Our second, equally important task will be to identify novel biomarkers of sarcopenia. Biomarkers derived from blood or urine can easily be measured in a standardized, high-throughput, and low-cost way (for example by ELISA) and are therefore very desirable. The serum makers that we currently have mostly all relate to inflammation (like tumor necrosis factor-α or interleukin-6) and are not at all muscle-specific. One prominent muscle-specific hormone strongly inhibiting muscle mass is the transforming growth factor-β-related protein myostatin [20]. Myostatin is mainly expressed in skeletal muscle and in minor quantities also in fat and heart [20]. Importantly, myostatin is present in serum, and local overexpression of myostatin as well as peripheral myostatin overexpression (for example, in the heart) in mice leads to a dramatic reduction in skeletal muscle mass [21, 22]. Unfortunately, a reliable assay to quantify myostatin in human serum or plasma is still lacking, but once this hurdle is taken, myostatin is clearly high on the list of candidate biomarkers of sarcopenia. In addition to biomarkers that relate to pathogenesis, others could indicate the impairment in muscle function. As already alluded to above, we speculate that the endocrine release of myokines from skeletal muscle might be impaired in pathological sarcopenia, and therefore myokines could serve as good biomarkers to monitor endocrine muscle function. One myokine high on the list of potential candidates in this regard is irisin, which was just recently identified [10].

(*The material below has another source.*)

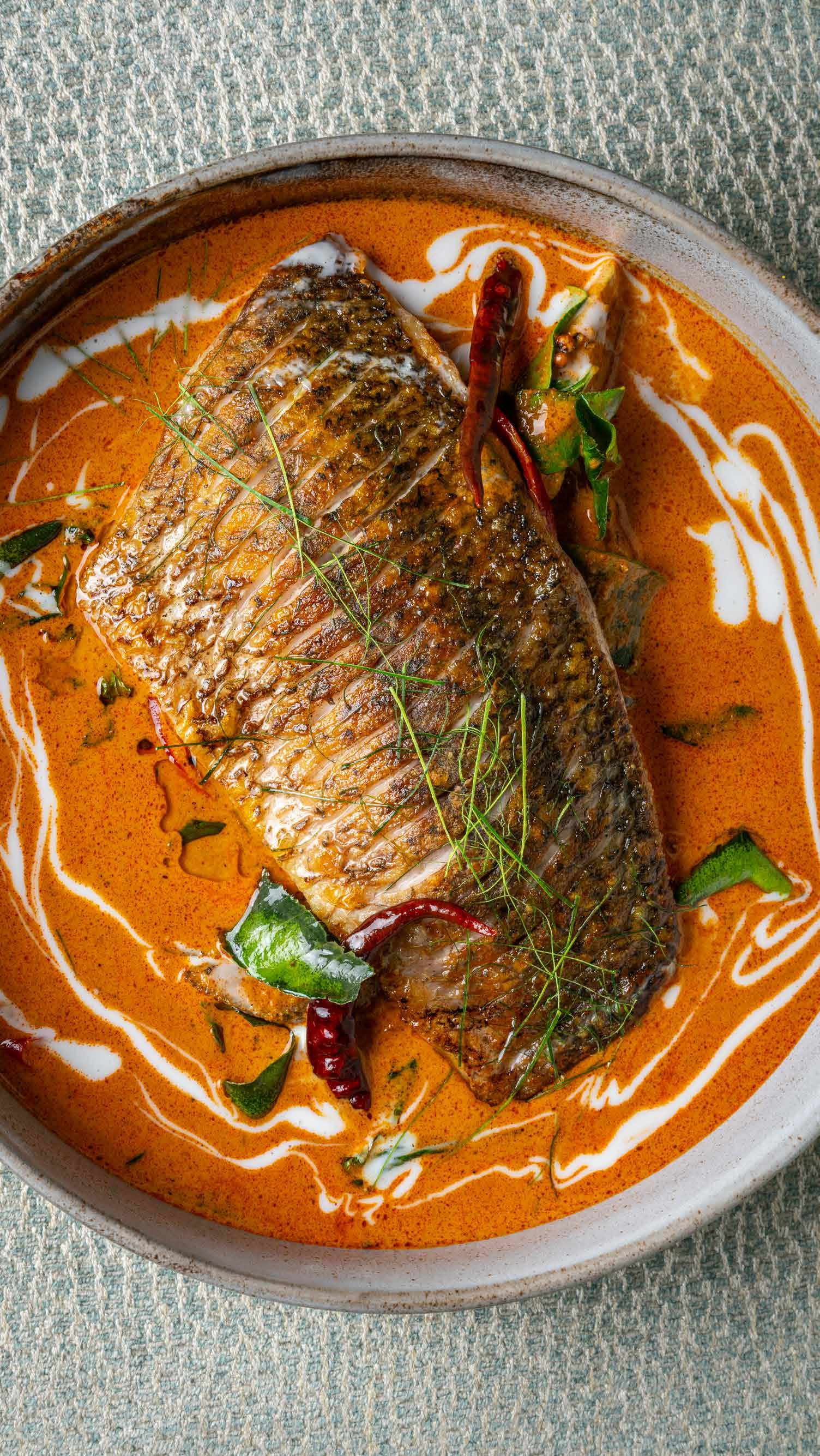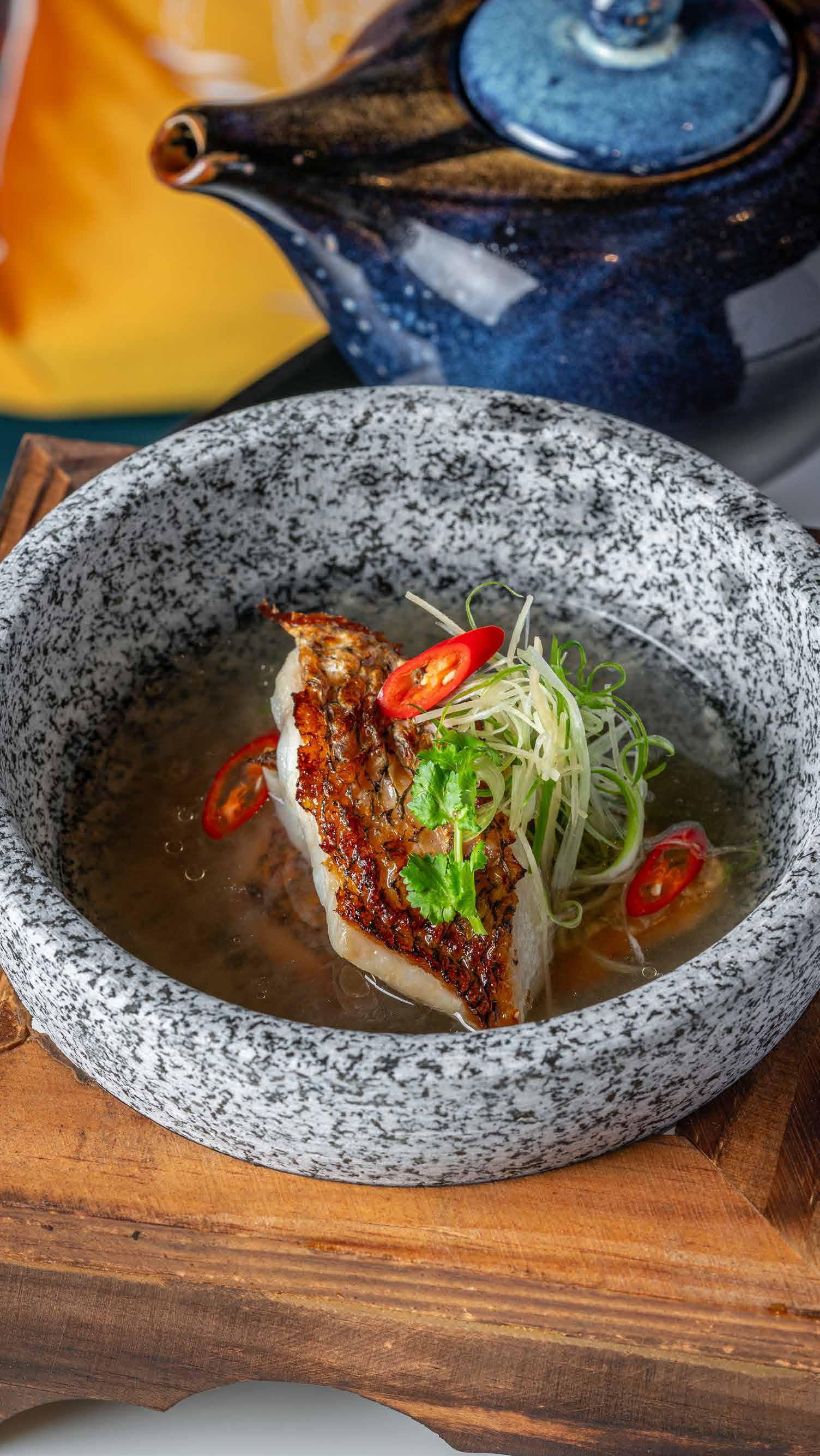 Isan-Inspired Herbal Clear Soup with Line-Caught Andaman Fish of the Day, Balanced with the Sweet Tang of Tamarind Paste and Fresh Herbs

Once the first clinical trials in sarcopenic patients have been conducted and therefore serum samples of well-characterized patients (according to the suggestions by Cesari et al. [18] in this issue of the Journal of Cachexia, Sarcopenia and Muscle [18]) are available, these (and more) potential serum biomarkers need to be tested at first in these cohorts. It is very likely that novel biomarkers will not only provide information about the diagnosis and prognosis of sarcopenic patients but also reveal crucial pathomechanisms and, most importantly, might lead the way to successful therapies.